═════ Data

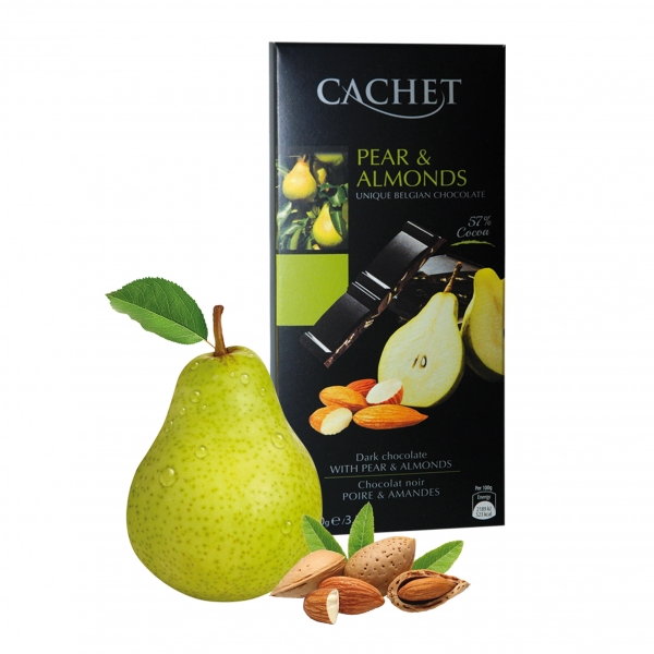 Składniki: masa kakaowa, migdały 8%, kawałki gruszki (inulina, proszek gruszkowy 5%, naturalny aromat) 3,50%, masło kakaowe, bezwodny tłuszcz mlekowy, emulgator: lecytyna sojowa
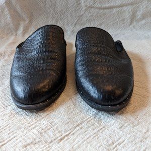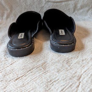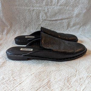 Beautiful black leather slip-on mules from Dune London. Embossed crocodile leather, loafer cut. Edgy silver hammered nail accents around the trim.
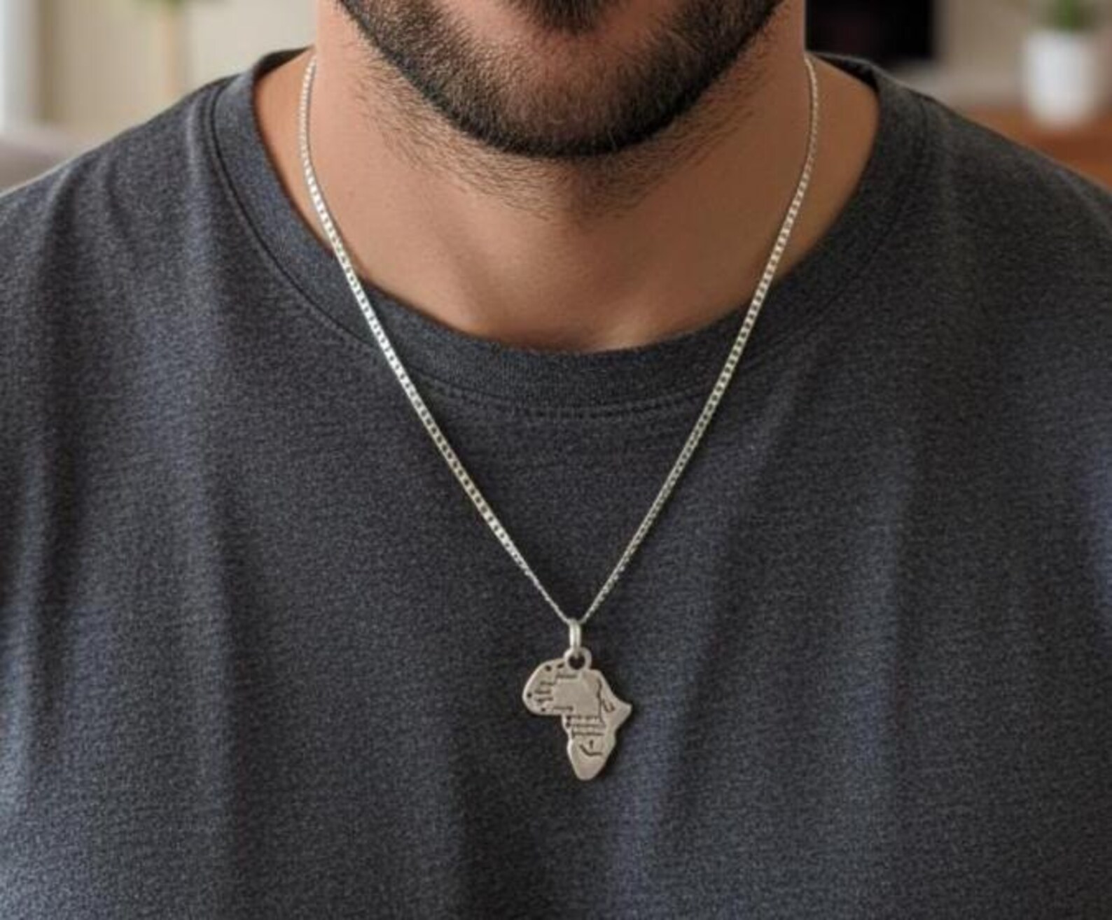 Designed as a unisex pendant with a strong masculine presence, this necklace pairs well with a silver box chain, leather cord, or bead strand. Whether worn as a personal statement or gifted as a meaningful keepsake, this silver necklaces for men option stands as a tribute to African roots, travel memories, and cultural pride.
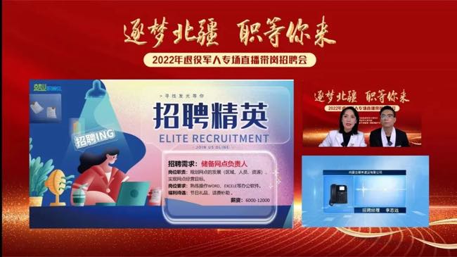 12月10日,由自治区退役军人事务厅主办、全区各盟市退役军人事务局协办的“逐梦北疆 职等你来”2022年退役军人专场直播带岗招聘会正式启动,为全区有求职意愿的自主就业退役士兵、自主择业军转干部、复员干部以及随军家属提供约1000个优质岗位。
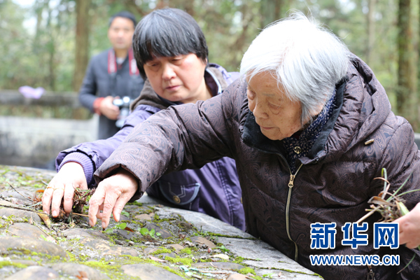 在江西蓮花縣玉壺山,龔全珍老人為甘祖昌將軍掃墓(4月1日攝)。新華社發

══════════

Exercise =>
Starting at the line with "12月10日,由自治区退役军" and stopping at the final line of the material, reproduce each line exactly, both ends included. Leave the pictures out.

Output =>
 12月10日,由自治区退役军人事务厅主办、全区各盟市退役军人事务局协办的“逐梦北疆 职等你来”2022年退役军人专场直播带岗招聘会正式启动,为全区有求职意愿的自主就业退役士兵、自主择业军转干部、复员干部以及随军家属提供约1000个优质岗位。
 在江西蓮花縣玉壺山,龔全珍老人為甘祖昌將軍掃墓(4月1日攝)。新華社發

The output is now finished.